Berbahagialah orang yang tumbuh dewasa dan kemudian menua dalam lingkungan yang saling memberi dan menerima cinta yang nyaris sempurna. Ada cinta ayah, ada cinta ibu, ada cinta saudara kandung, ada cinta kakek, ada cinta nenek, ada cinta paman dan bibi, ada cinta tetangga serta cinta orang-orang dekat.
Layaknya jasmani yang tercukupi asupan nutrisi bergizi tinggi, orang yang tumbuh dengan cinta yang sempurna, akan tumbuh dengan kekayaan batin yang lebih mumpuni.
Kenapa bahagia? Sederhana saja salah satu alasannya. Sebagai makhluk sosial, setiap orang membutuhkan orang lain. Orang-orang dekat sebagai tempat curahan rasa cinta, sayang, senang dan sedih. Konon sediam apapun seseorang, tetap saja dia memerlukan tempat untuk mencurahkan isi hati.
Orang-orang dekat, adalah orang pilihan yang bisa menjadi tempat untuk menerima atau sekedar mendengarkan cerita tentang masa lalu, masa kini dan masa kelak. Mencurahkan rasa dan bersedia mendengarkan menjadi salah satu dari seribu wujud pengejawantahan cinta.
Kebahagiaan seperti itu, karena satu dan lain sebab, bisa saja tidak dirasakan oleh orang yang hidup kurang atau tidak pernah tersirami cinta dan kasih sayang. Lebih buruk lagi kalau orang tumbuh di lingkungan penuh kekerasan dan perundungan. Ibarat tumbuhan yang berkembang di habitat kurang nutrisi dan pupuk.
Sudah kodratnya, di dunia ini tidak semua orang "beruntung" sehingga cerita cinta satu orang dengan yang lain tidak selalu sama. Kiasannya, kalau ada sejuta orang hadir di sebuah ruangan membahas cinta, bisa jadi akan ada sepuluh juta atau lebih cerita tentang cinta. Maka kisah cinta menjadi selalu menarik dan tidak ada habisnya sebagai sumber inspirasi.
Jika diamatipun, nyaris di semua aspek, meski sedikit, selalu ada unsur cinta. Lebih lagi dalam buku cerita maupun film fiksi, hampir tidak pernah melewatkan muatan cinta. Cinta sebagai pokok cerita maupun hanya sekedar sebagai bumbu penyedap. Sekeras dan se-aneh apapun kisah manusia, hampir pasti akan ada bumbu-bumbu cinta.
Begitu merasuknya cinta dalam sebuah cerita, kadang para pembaca, pendengar dan penonton bisa terkecoh.
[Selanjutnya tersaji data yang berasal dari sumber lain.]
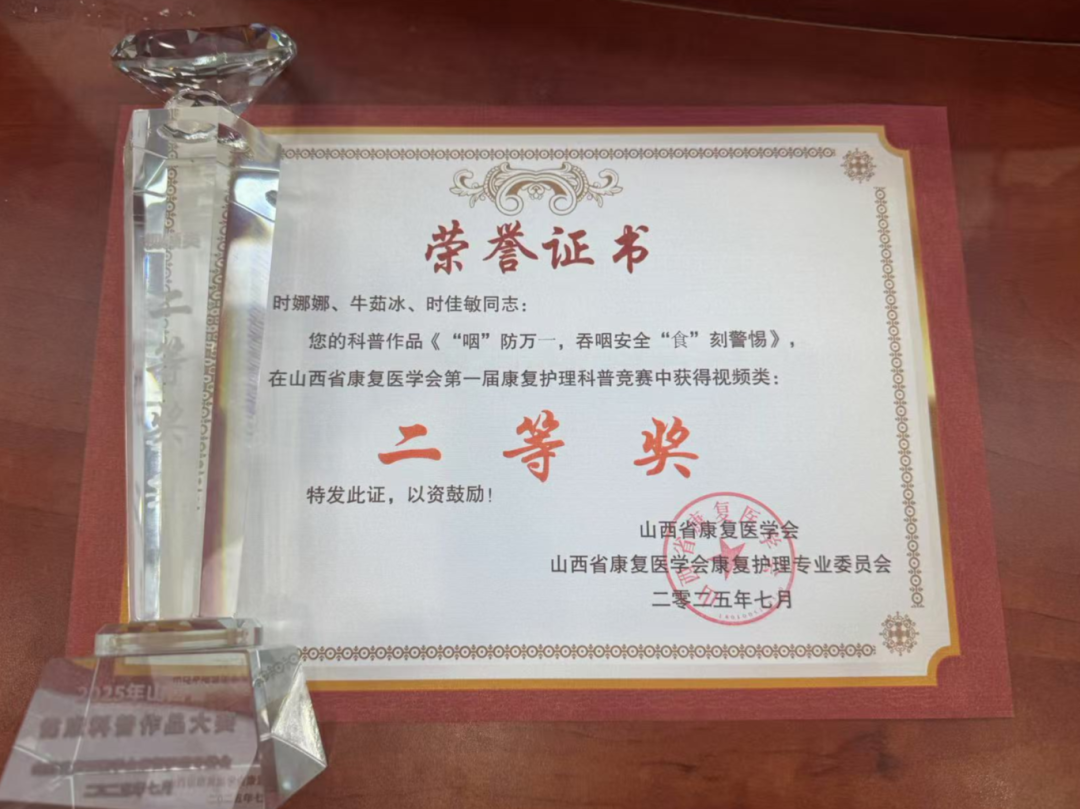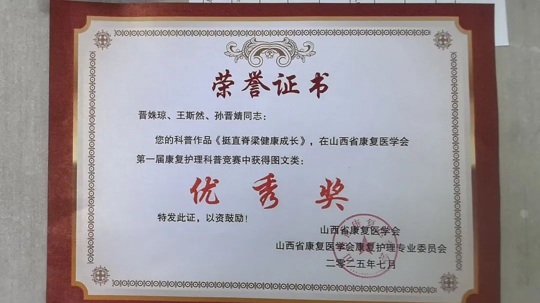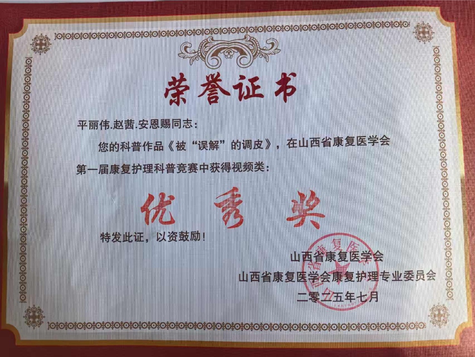 2025年7月3日至6日,山西省康复医学会康复护理专委会学术年会暨康复护理科普竞赛圆满落幕。 晋城市康复医院参赛团队凭借扎实的专业素养和创新的科普作品,在200余件参赛作品中脱颖而出,斩获视频类二等奖1项、优秀奖1项,图文类优秀奖1项,充分彰显了医院在康复护理领域的综合实力。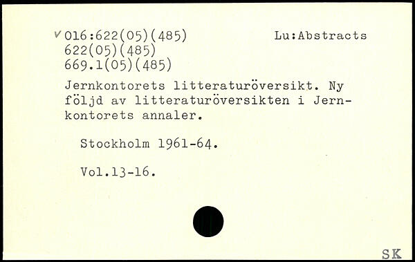 UDK: 016:622(05)(485), 622(05)(485), 669.1(05)(485)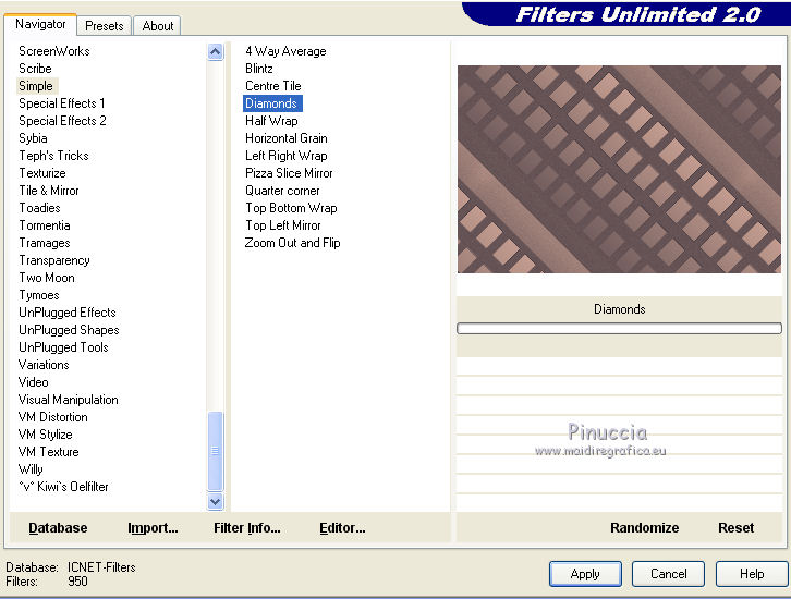 7. Effets>Modules Externes>Filters Unlimited 2.0 - Simple - Diamonds.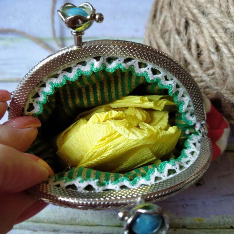 Гаманець-монетниця з срібним фермуаром Виконаний з американського бавовни, всередині декорований мереживом. Розмір 12см на 10см Уцінка !!! Без шлюбу і яких-небудь дефектів, просто трохи в пилу.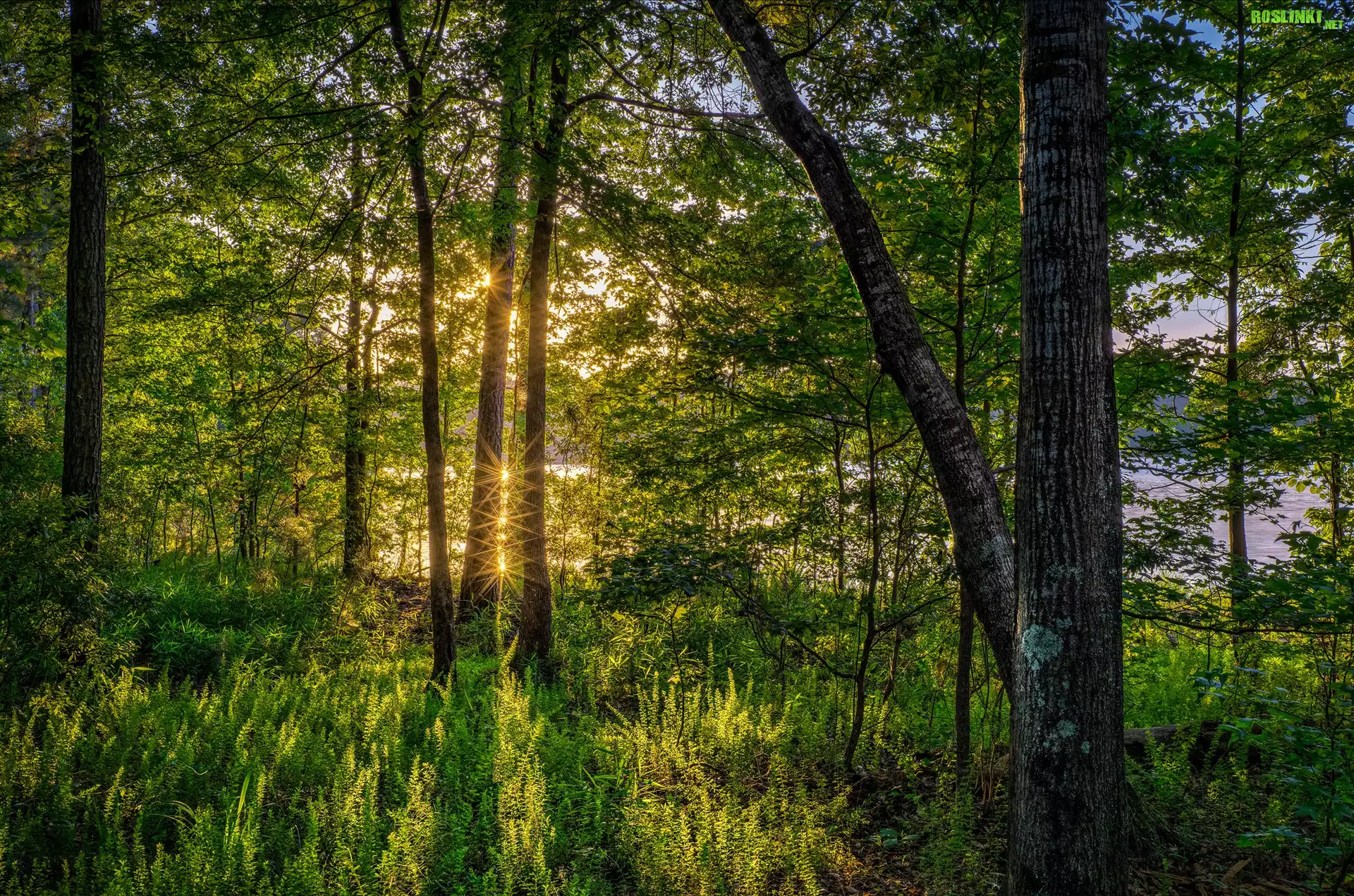 Rośliny: Las, Drzewa, Rośliny, Promyki, Słońce

Misalnya, seorang tokoh utama tampil begitu gagah beraninya dan begitu patriotik membela yang benar, yang lemah atau membela Negara. Ternyata perjuangannya hanya didasari atas cintanya yang lebih mendalam kepada kekasihnya, cintanya kepada uang atau cintanya kepada kepentingannya sendiri.
Cerita menjadi panjang kalau sudah mencolek politik dan partai. Sudah sangat lumrah di beberapa bulan menjelang Pemilu ini akan banyak pihak yang merayu dengan segala cara dan se-abreg iming-iming minta untuk dicintai. Buntutnya berharap untuk nantinya dipilih dan dicoblos di bilik Pemilu.
Di tahun penuh kepentingan politik sekarang ini, saatnya kita lebih berhati-hati mencurahkan rasa dan menjatuhkan pilihan. Buka mata, telinga dan hati. Orang yang mengumbar cintanya kepada tanah air bisa rancu dengan cintanya kepada kekuasaan, cintanya kepada harta dan cintanya kepada kepentingannya sendiri.
Cinta kepada apapun dan kepada siapapun tidak lepas dari soal hati dan rasa. Siapapun yang sedang dicintainya akan dipuja setinggi langit. Siapapun yang sedang dipuja, apapun adanya akan selalu dianggap sempurna. Apalagi berbuat benar, ngomong salahpun akan ditelan mentah bagai tuah. Tingkah polahnya selalu dianggap pantas, kentutnya pun bau parfum mewah.